This year’s housing selection process, which began on April 11 and will run through April 13, resurfaced long-standing student concerns about the process. Students especially lamented the disparities between the quality of housing options and social difficulties created by the housing process.
The concerns come in the wake of last year’s housing selection process, which controversially ended the practice of “room groups,” meaning that students were no longer able to receive housing assignments alongside their friends. Separately, over 200 students that year were stranded on a waitlist, unable to receive an assignment until the summer, although Director of Housing and Operations Marie Lalor said that a waitlist of this size is not expected to recur this year.
More broadly, though, the selection process has been in flux since the pandemic upended the typical patterns of campus in 2020. Matt Vitelli ’24, who entered Amherst as a member of the class of 2023, said that the housing process had felt different every year he had been at the college.
“It’s just always confusing as to what’s going to happen next. Like, what can I expect for next year?” Vitelli said.
With regard to the housing process itself, many students cited concerns about the disparities between different housing options. Tyler Community Advisor Nick Torres ’25 pointed to maintenance issues, especially among the dorms on the hill.
“The facilities are definitely not equal. Tyler is just in disrepair. Our bathrooms are not appropriately sized,” Torres said.
George Blalock, the Community Development Coordinator for First Year Quad East, said that the location of the hill dorms can also contribute to student dissatisfaction. Dorms like Tyler, Plimpton, and Marsh, he said, are located in areas with poorer lighting than the rest of campus, along with occasionally treacherous conditions in winter when the hill becomes sleek with ice.
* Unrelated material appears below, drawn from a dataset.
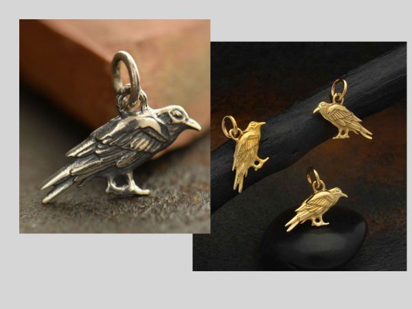 Choose from either Sterling Silver or Natural Bronze  Raven Charms.
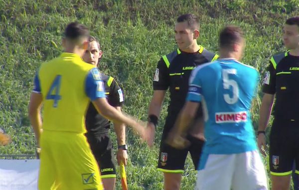 “Squalifica per tre giornate effettive di gara ed ammonizione per comportamento scorretto nei confronti di un avversario, per avere al 94′ del secondo tempo, a giuoco fermo, colpito un calciatore della squadra avversaria con un calcio alla tibia”.

“[The Tyler hill environment] creates this habit or this routine, where you go to your room to sleep, you come out, go to class, and you go right back,” Blalock said. “You don’t really have a lot of incentive to engage with the campus, or you don’t really feel as a part of it as you should being a student who’s here, and I don't think that's something that can be solved within a year or two. I think that’s a long term planning process.”
However, concerns over housing extend beyond the hill dorms. Students also lamented the difficulty of being able to live alongside friends, especially with the loss of the option to select as a group beginning last year.
Luke Kline ’26 said that the selection process had created some difficulties for his social circle.
“In my friend group we have a bunch of different people who all would definitely be happy being roommates,” he said. “It’s definitely difficult, especially if there’s an odd number of people. I know that people were still stressing about finding roommates recently.”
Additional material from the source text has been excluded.